ASSIGNED TASK: All that is wanted is the line with "Pour redonner du" and each line after it to the end of the data below, set down exactly and without pictures.

DATASET EXTRACT:
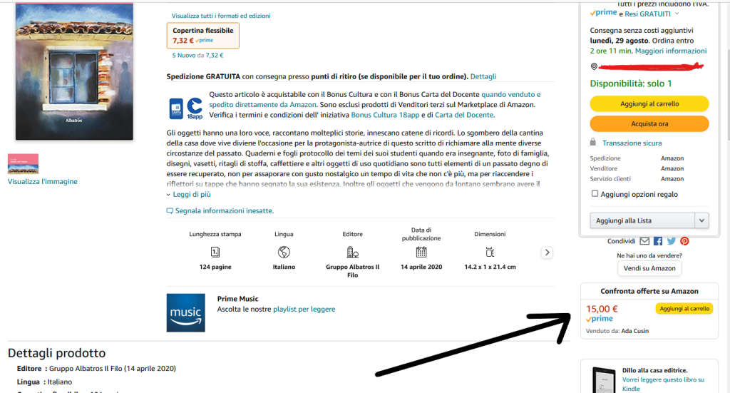 ATTENZIONE, per il libro TEMPO CHE TORNA, i signori di Amazon, pur essendo io l’autrice, mettono per prima l’inserzione con il prezzo più basso: essa non è la mia! Per cui, se volete che il ricavato giunga alle mie tasche assicuratevi di scegliere quello venduto dalla sottoscritta: Ada Cusin!
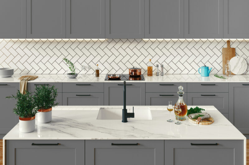 Pour redonner du cachet à votre cuisine, pourquoi ne pas carreler votre vieux plan de travail ?
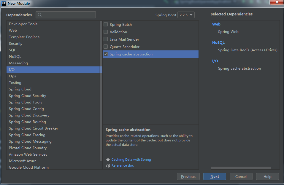 创建 Spring Boot 项目 spring-boot-springcache-redis ,添加 Web/Spring Cache/Redis 依赖,如下:
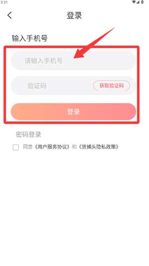 1、登录界面输入手机号及验证码,点击登录完成账号验证。

ANSWER TO THIS TASK:
 Pour redonner du cachet à votre cuisine, pourquoi ne pas carreler votre vieux plan de travail ?
 创建 Spring Boot 项目 spring-boot-springcache-redis ,添加 Web/Spring Cache/Redis 依赖,如下:
 1、登录界面输入手机号及验证码,点击登录完成账号验证。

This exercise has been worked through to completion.